*Task instructions*: From the first line of the listing below, retype each line up to and including the one with "小鳩は丸々一羽。ちょっと硬く"; pictures stay out.

*Provided material*:
________________

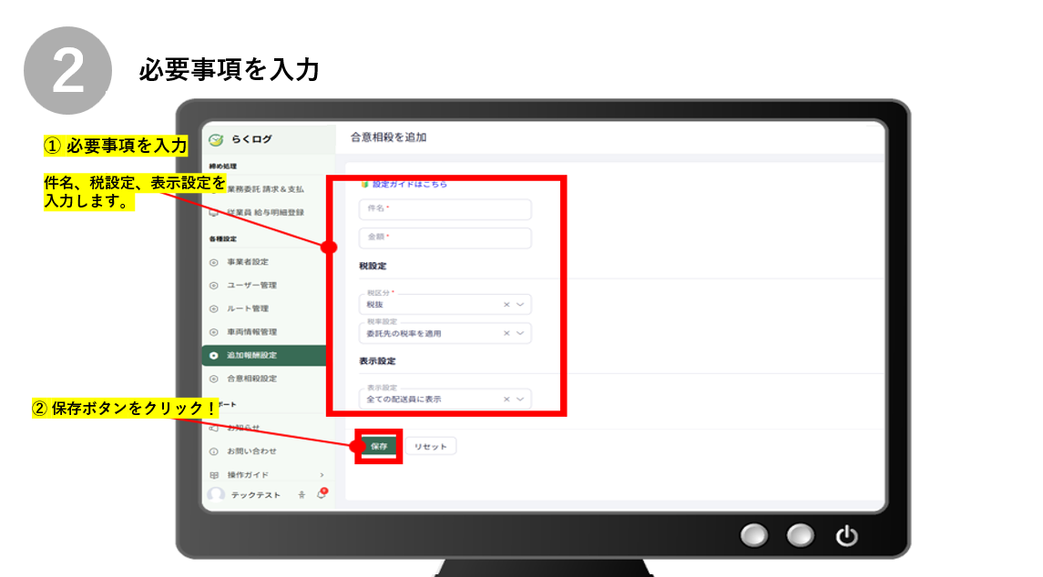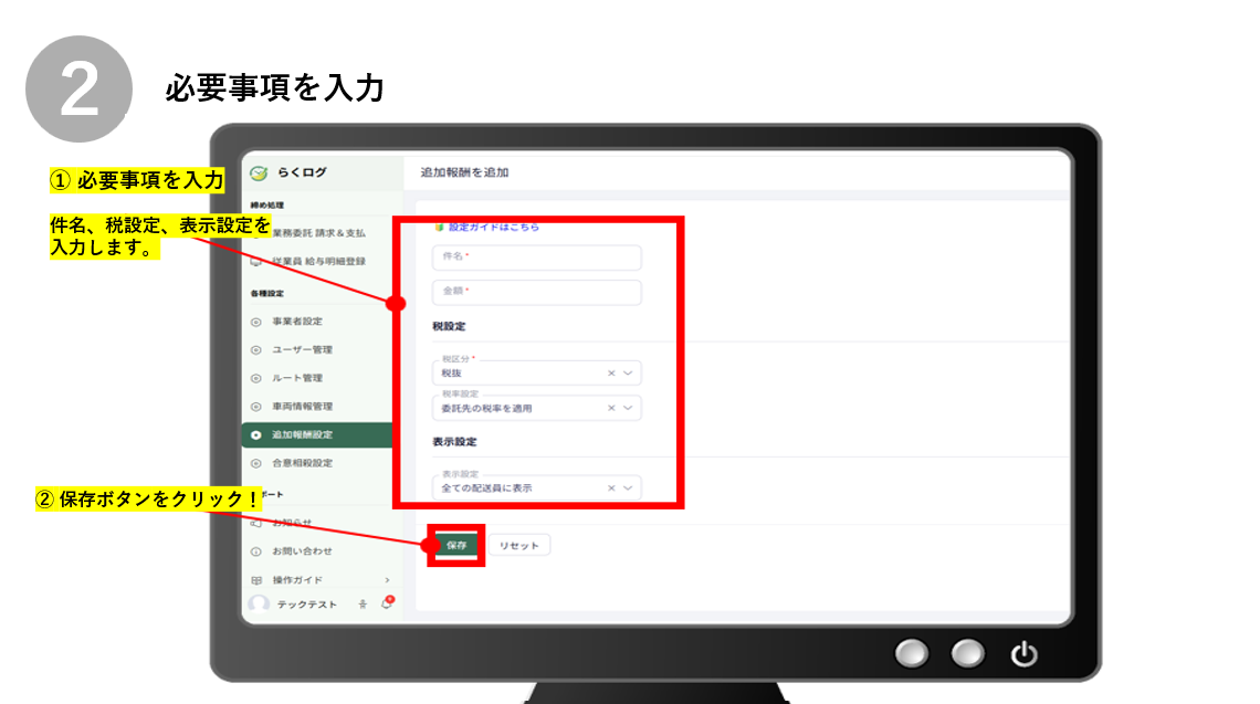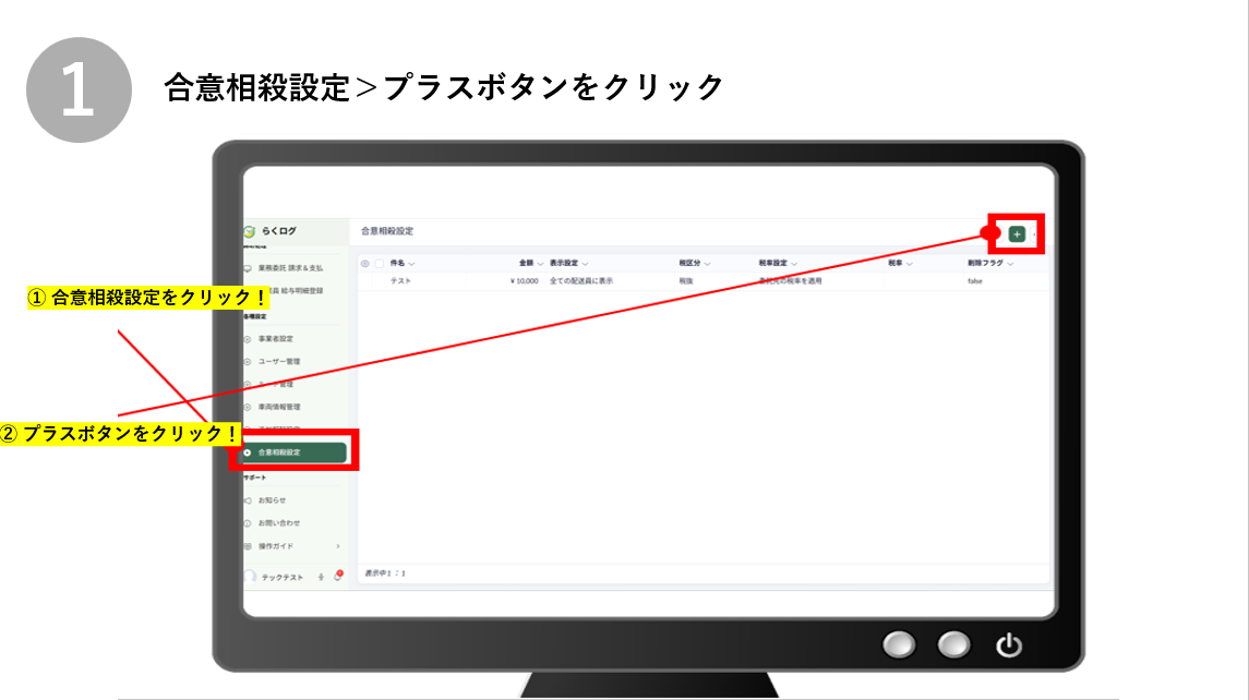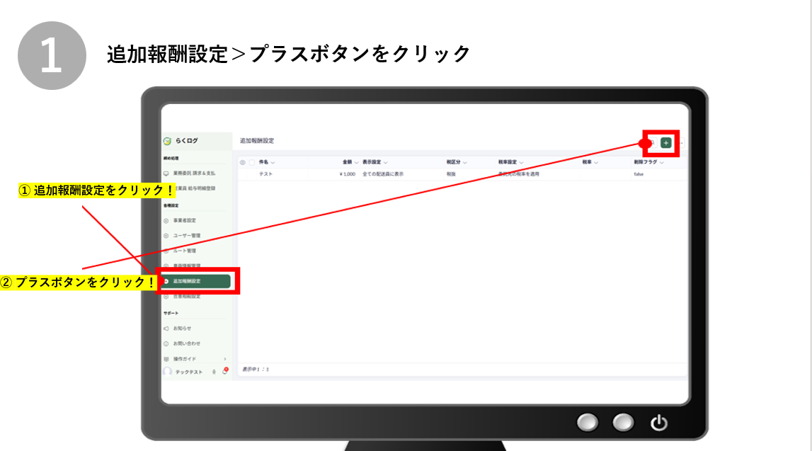 本ページでは、追加報酬・合意相殺の連絡方法についてご説明いたします。 以下の手順に沿って操作を行ってください。 ※添付資料は印刷して使用いただくことも可能です。 事前ステップ:追加報酬・合意相殺の”設定”に関しましては【管理者】のみ行うことができます。 追加報酬連絡 1 【追加報酬連絡】をタップ 2 【データの追加】をタップ 3 必要事項を入力 4 完了 合意相殺 1 【合意相殺連絡】をタップ 2 【データの追加】をタップ 3 必要事項を入力 4 完了
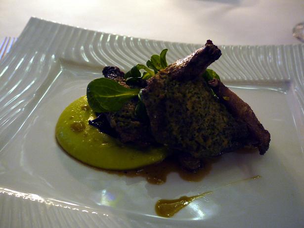 小鳩は丸々一羽。ちょっと硬く歯ごたえがありましたが、旨みは凝縮されていました。なんかの芋のピュレが添えてあります。
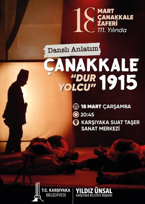 Karşıyaka Belediyesi, 18 Mart Çanakkale Zaferi’nin yıl dönümünü duygusal bir etkinlikle kutlayacak. Karşıyaka Belediyesi Halk Dansları Topluluğu’nun sergileyeceği “Çanakkale 1915 DUR YOLCU!” adlı müzikal gösteri, 18 Mart Çarşamba günü saat 20.45’te Karşıyaka Suat Taşer Sanat Merkezi’nde izleyicilerle buluşacak. Genel Sanat Yönetmenliğini Burak Elibüyük ve Alper Özarslan’ın üstlendiği gösteride 120 dansçı görev alacak. Türk milletinin kaderini değiştiren Çanakkale Destanı; müzik, tiyatro ve dansın birleştiği duygu dolu bir performansla sahneye taşınacak.
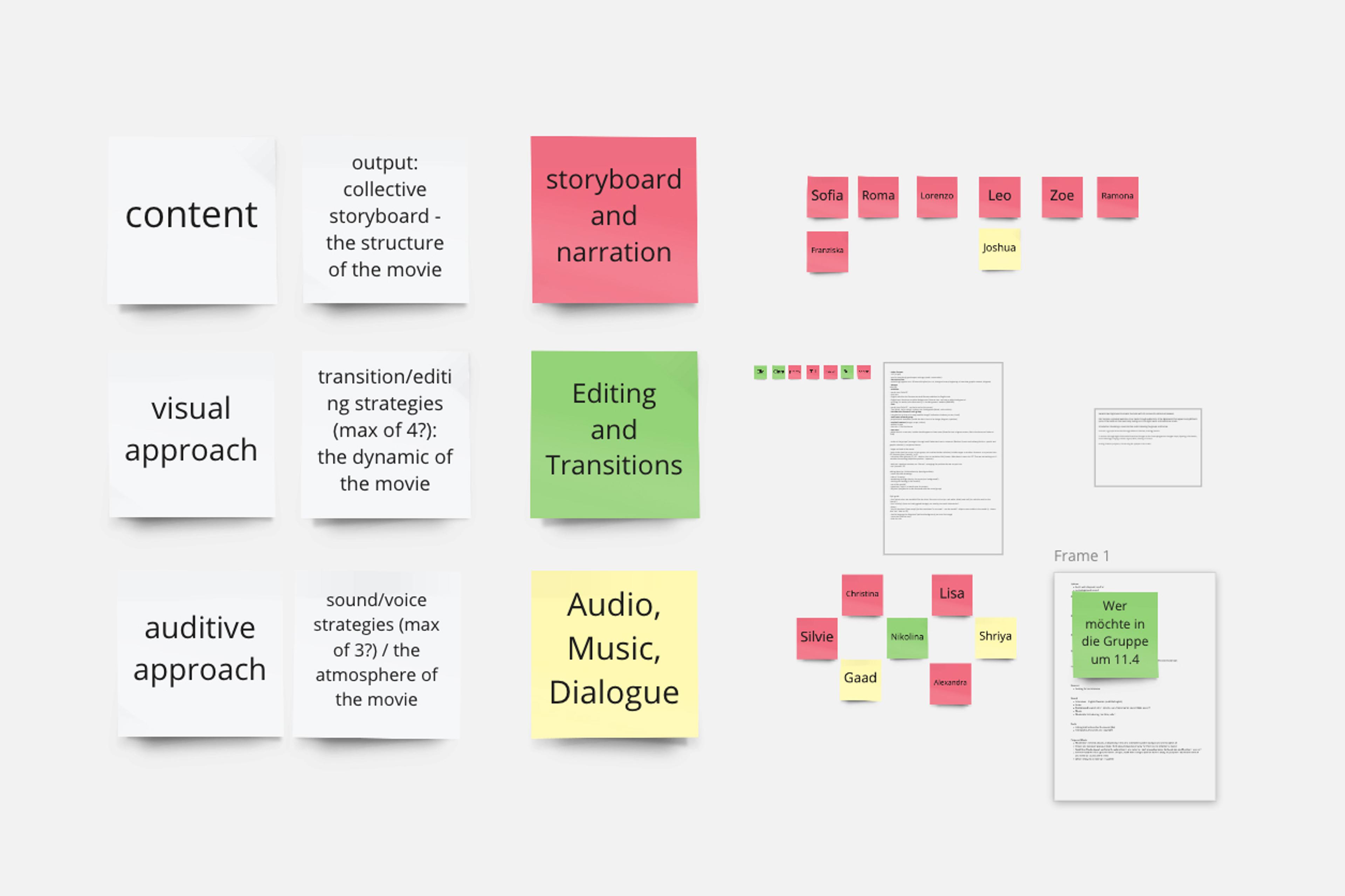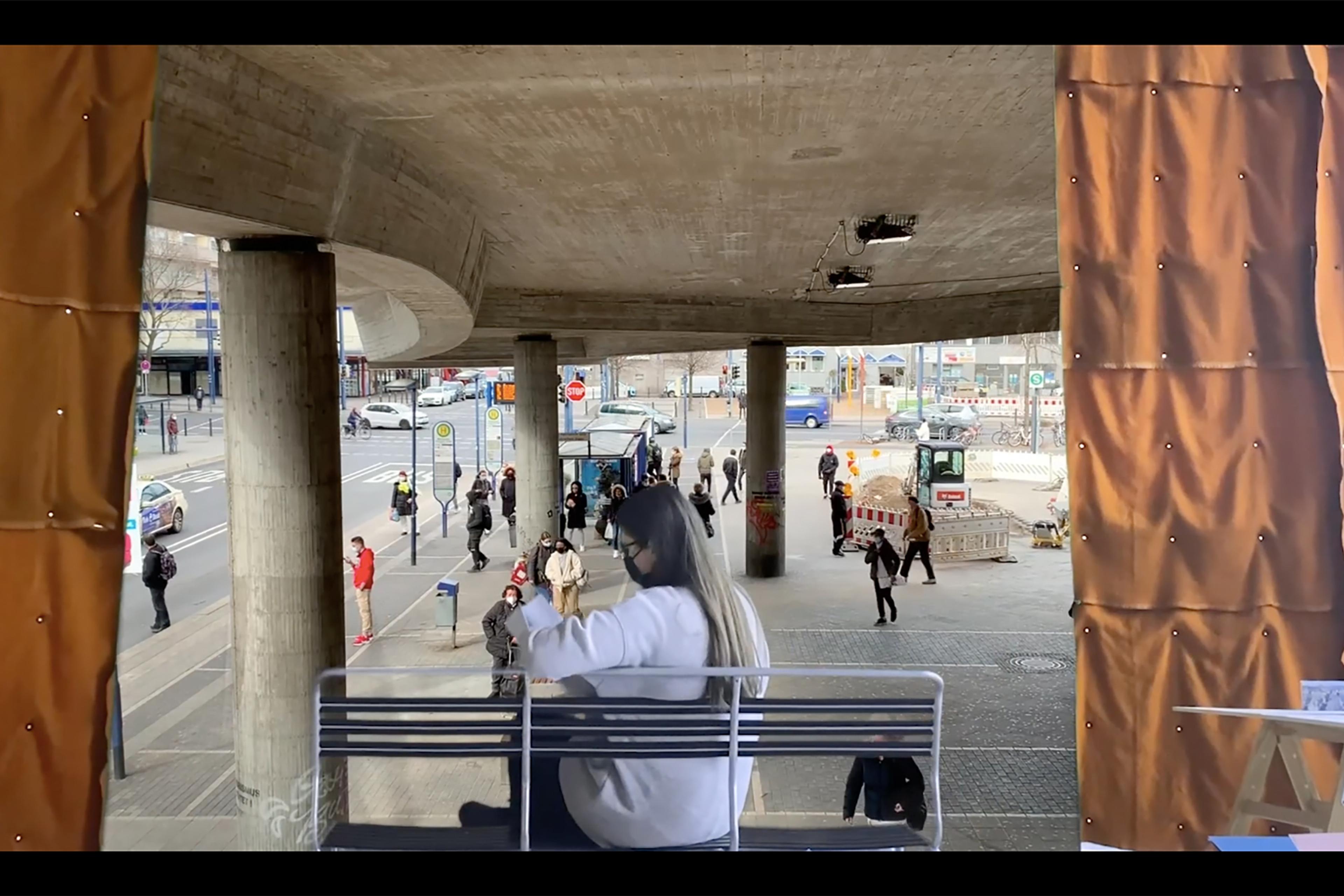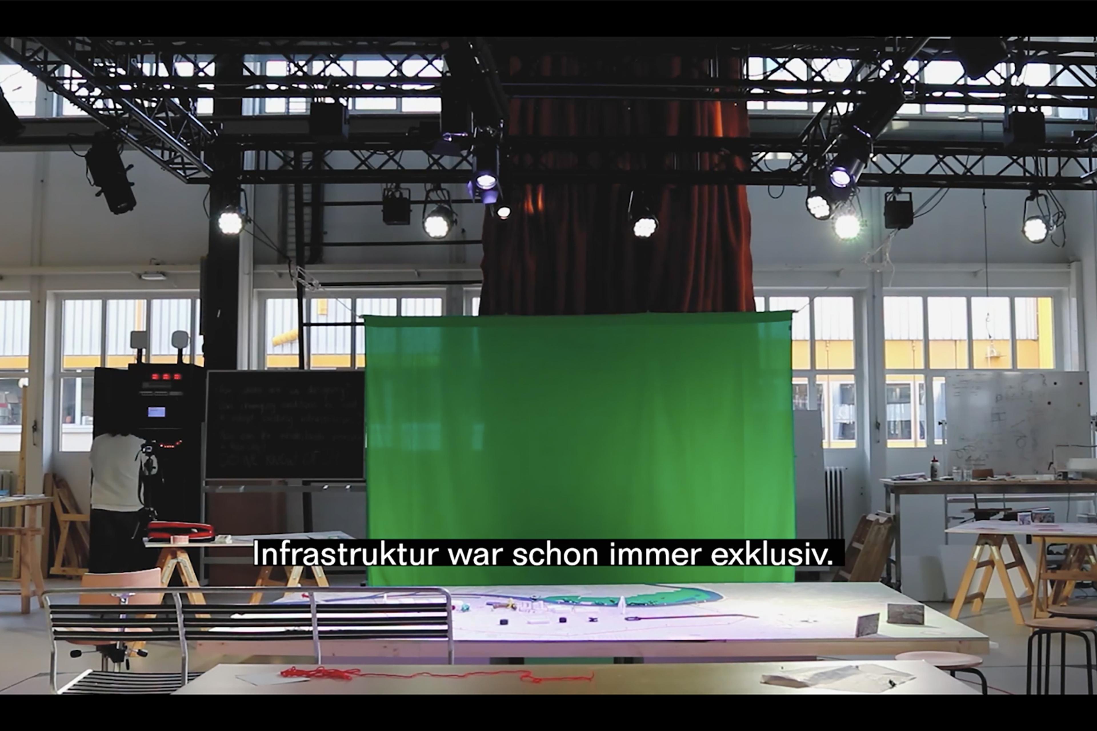 Besides, the work on the collective movie helped to develop the studio as a collective effort, to get to know each other, and to develop tools of self-organization. Students were on the one hand part of a working group, which looked into a certain dimension of infrastructure, and on the other hand they took on extra roles in the production of the collective movie. The fact that we could not go there due to Covid forced students to find ways to still get close to the place. They worked a lot with found footage, redrew places they engaged with, used digital animation, did interviews with locals, even got digital city tours, or used a green screen to enter the scene themselves.

________________

*Reply to the exercise*:
 本ページでは、追加報酬・合意相殺の連絡方法についてご説明いたします。 以下の手順に沿って操作を行ってください。 ※添付資料は印刷して使用いただくことも可能です。 事前ステップ:追加報酬・合意相殺の”設定”に関しましては【管理者】のみ行うことができます。 追加報酬連絡 1 【追加報酬連絡】をタップ 2 【データの追加】をタップ 3 必要事項を入力 4 完了 合意相殺 1 【合意相殺連絡】をタップ 2 【データの追加】をタップ 3 必要事項を入力 4 完了
 小鳩は丸々一羽。ちょっと硬く歯ごたえがありましたが、旨みは凝縮されていました。なんかの芋のピュレが添えてあります。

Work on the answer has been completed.